By Tom Yamachika, President
(For Release 6/7/15)
This week we will be talking about “resort fees.” In recent years, a number of hotels, including many in Hawaii, have been adding them to hotel bills. The hotels say that it’s for access to the gym, pool, or Wi-Fi network, for example. But the fee is charged whether or not the guest uses the gym, pool, or Internet.
By adding a resort fee of $25 to a room rate of $125, the hotel brings in $150 per night but it can advertise a $125 room rate.
Whether or not this is truth in advertising — the consumer protection people can sort that one out — this also creates tax issues.
Our state imposes a general excise tax on pretty much every kind of income. But an extra 9.25% is slapped on the charge for a hotel room. This is called the transient accommodations tax, or TAT. The hotels say that the resort fee is not for accommodations, as mentioned above, but the Department of Taxation has stated that a mandatory resort fee looks and walks like a room charge, so by golly they’re going to apply the TAT to the fee as well.
The Department’s view of the world might make sense at first glance. After all, if I show up at a hotel without a car and they charge me a per-night parking fee anyway, then it’s tough for the hotel to say that what they are calling a parking fee isn’t just another piece of the room charge. But the Department’s own regulations add a wrinkle. The regulation gives the example of a guest who pays a certain amount per night on the “American Plan,” which includes breakfast. The regulation says that the TAT is not due on that part of the per-night cost attributable to the meal. Presumably the guest would pay the same amount even if he skipped breakfast; and we don’t know if the hotel offered the same room without the meal plan. The rule doesn’t go into that much detail. So the regulation appears to say that if you can figure out that part of a per-night charge is for something other than the stay, then the TAT doesn’t apply to that part.

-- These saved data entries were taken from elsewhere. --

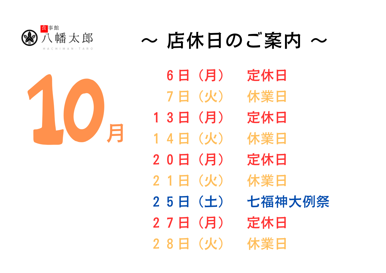 10月のお休みについて 2025年10月7日2025年10月1日 by hachiman-taro いつも当店をご利用いただきありがとうございます。10月の営業についてのお知らせです。 ※10月25日 (土) は、七福神大例祭となります。
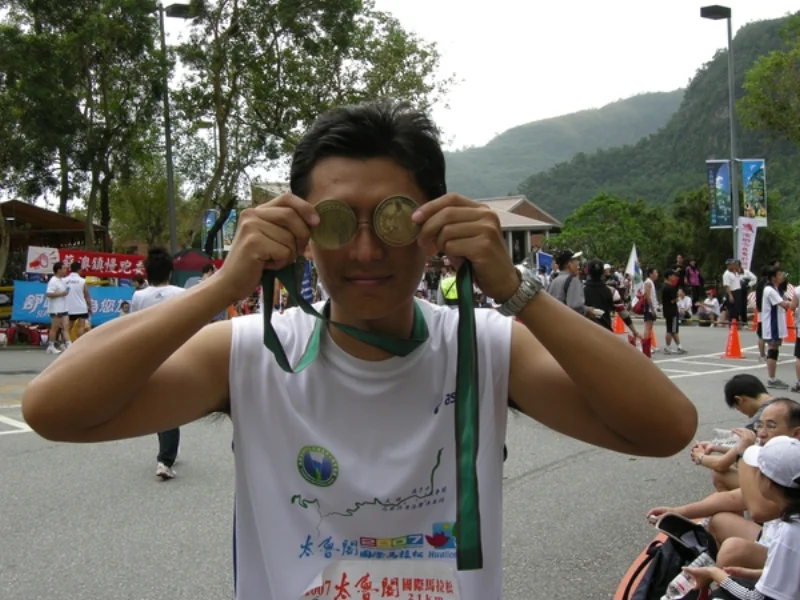 下坡體力的負擔少些,但對於腳的負擔卻大增,所以整體上的速度還是差不多。還好太魯閣風景真的很漂亮,跑起來相當愉快。參加路跑的女生也蠻多的,所以除了欣賞風景還可以欣賞漂亮的女生。最後兩公里的隧道令人相當沉悶,感覺跑不完似的。我初入隧道就被馬拉松第一名選手追過去了。待我到達終點大約花了兩個半小時。拿了一個完跑證明的獎牌,相當有成就感,雖然沒有一路跑完。
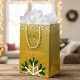 "Frieden, Freude und Liebe." Eine riesige, lustige, spielerische, weiße und dunkelgrüne Schneeflocke-Illustration und eine moderne Typografie auf funkelnd, Imitat-Gold-Glitzer-Hintergrund helfen Ihnen, die Feriensaison zu beginnen. Ein weißer Konfetti-Punkt umrahmt den oberen Rand. Genießen Sie die Wärme und Freude der Ferien, wenn Sie diese atemberaubende, grafische, personalisierte, mittelgroße Geschenktasche verwenden. Passende Umschläge, Aufkleber, Totbeutel, Packpapier, Kissen, Zuhause-Dekor und vieles mehr sind ebenfalls erhältlich. verwandelt ein großartiges Geschenk in etwas noch Besseres! Geben Sie einfach den Gruß Ihrer Wahl ein und Sie können diese Geschenktasche ganz einfach personalisieren. Bitte schicken Sie mir eine Nachricht mit Fragen oder Wünschen.
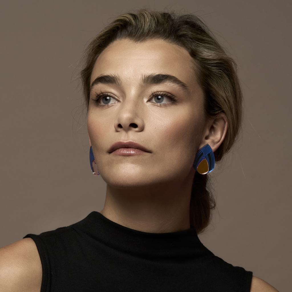 • Metacrilato y latón con baño hipoalergénico en oro de 18k.
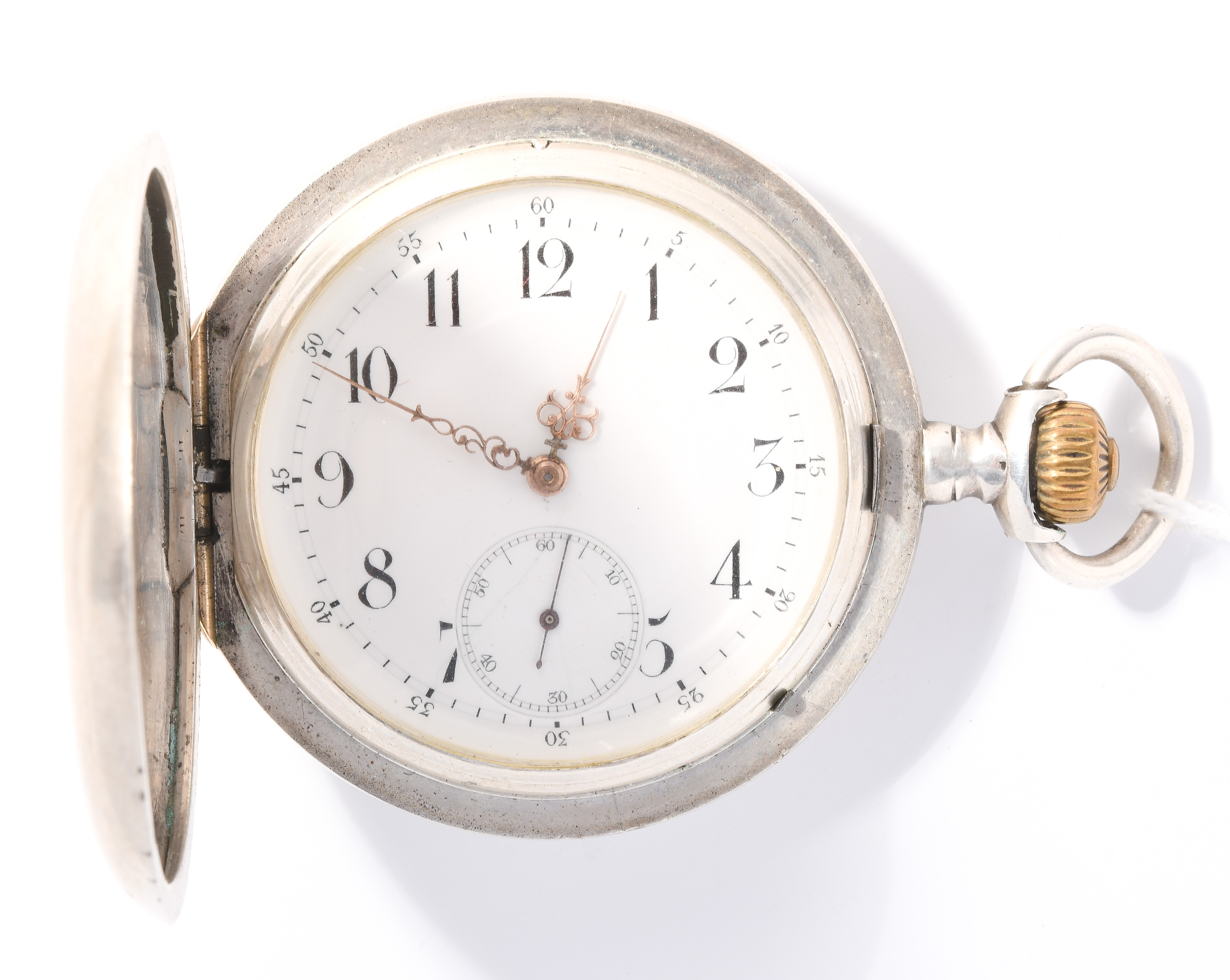 Runde, mechanische Savonnette 1899 mit Handaufzug in Silbergehäuse. Rücken- und Frontdeckel neutral, Werkdeckel signiert, Werknummer 195055, Kaliber 56, Gehäusenummer 234121, D 55 mm. Weisses Emailzifferblatt mit arabischen Stundenzahlen, Louis XV-Zeiger, kleine Sekundenanzeige. Gebrauchsspuren.

To get “further clarity” on the issue, the Department for the last couple of years has pushed some bills at the Legislature that would have explicitly made resort fees subject to the TAT. The bills have all stalled, indicating that at least some lawmakers are not buying the Department’s view. In the meantime, the Department’s apparent unwillingness to follow its own regulation is creating confusion.
One way out of this problem is for the Department and industry to work out a suitable dividing line. For example, we could look at the reality that a “room rate” is not just for a hotel room but also includes amenities and services that one would typically expect with a hotel room. Other amenities and services, like the meal in the American Plan example, should not be subjected to TAT whether or not they are bundled with the room cost.
Here it looks like the regulation is causing a problem and the Legislature seems to be reluctant to change the law, so let’s get that regulation changed to a reasonable compromise position. The Department won’t get everything it wants, the hotels won’t get everything they want, but everyone gets clarity and the hotels can go on with their business. We owe it to the industry to come up with clear, no-nonsense rules that everyone can abide by.